Determining heat transfer correlations for transition and turbulent flow in ducts

The objective of the paper is to develop correlations for the Nusselt number Nu in terms of the friction factor ξ (Re) and also Reynolds number Re and Prandtl number Re, which is valid for transitional and fully developed turbulent flow. After solving the equations of conservation of momentum and the energy for turbulent flow in a circular tube subject to a uniform heat flux, the Nusselt number values were calculated for different values of Reynolds and Prandtl numbers.
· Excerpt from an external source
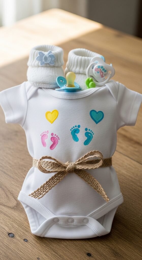 You’ll start with plain white onesies as your canvas. For painted onesie designs, use fabric paint to create simple hearts, stars, or footprints. Let them dry completely before stuffing with smaller items like socks or bibs.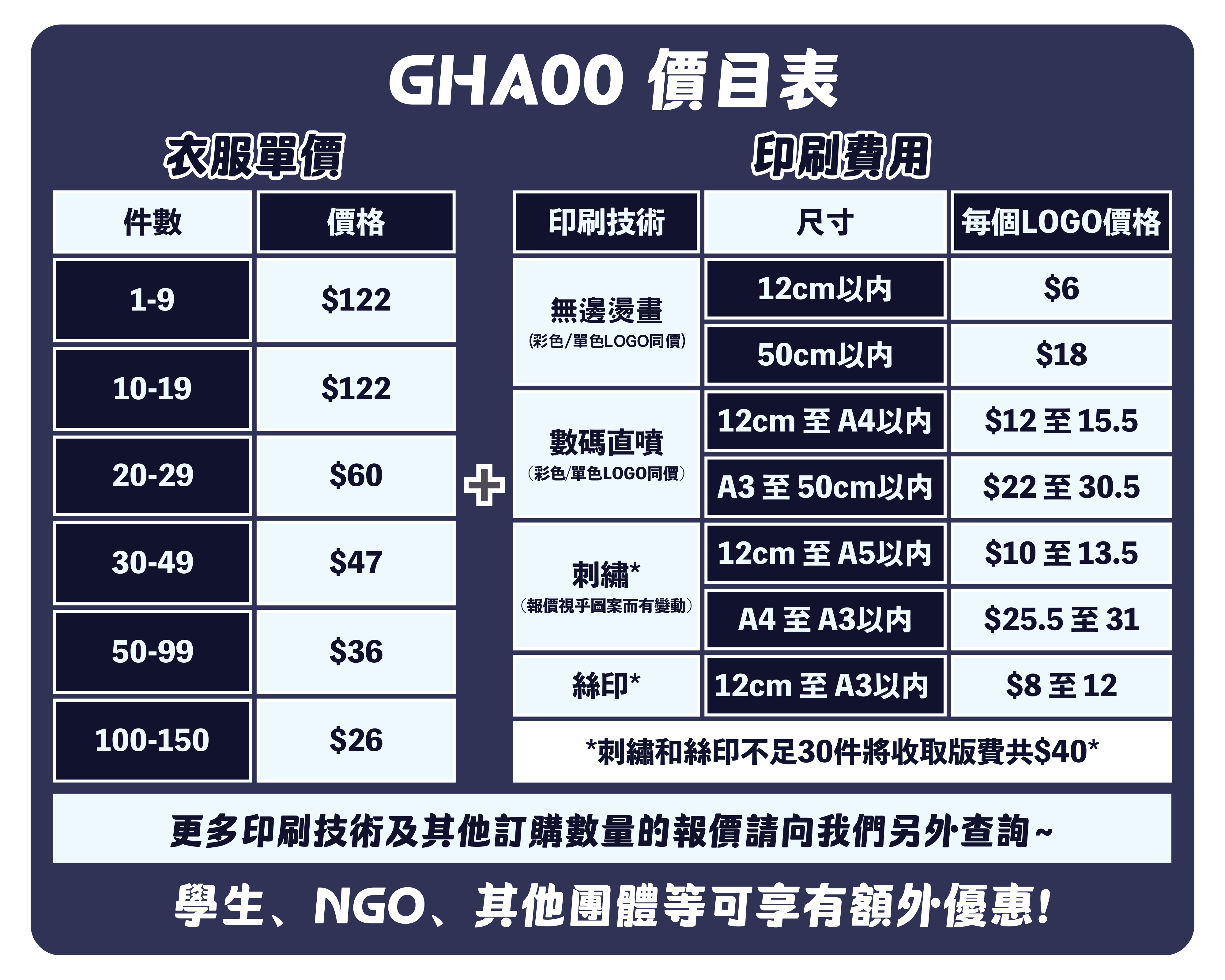 客人可以先參考每款產品網站的價目表,單價+印刷費用=成品價錢,學生、公司、NGO非牟利機構可享額外折扣優惠。最終報價以Whatsapp或Quotation為準。

Then, the form of the correlation Nu = f (Re, Pr) was selected which approximates the results obtained in the following ranges of Reynolds and Prandtl numbers: 2300 ≤ Re ≤ 1000000, 0.1 ≤ Pr ≤ 1000. The form of the correlation was selected in such a way that for the Reynolds number equals to Re=2300, i.e. at the point of transition from laminar to transitional flow the Nusselt number should change continuously. Unknown coefficients  x₁, …, x_n  appearing in the heat transfer correlation expressing the Nusselt number as a function of the Reynolds number and Prandtl number were determined by the method of least squares. To determine the values of the coefficients at which the sum of the difference squares is a minimum, the Levenberg-Marquardt method is used.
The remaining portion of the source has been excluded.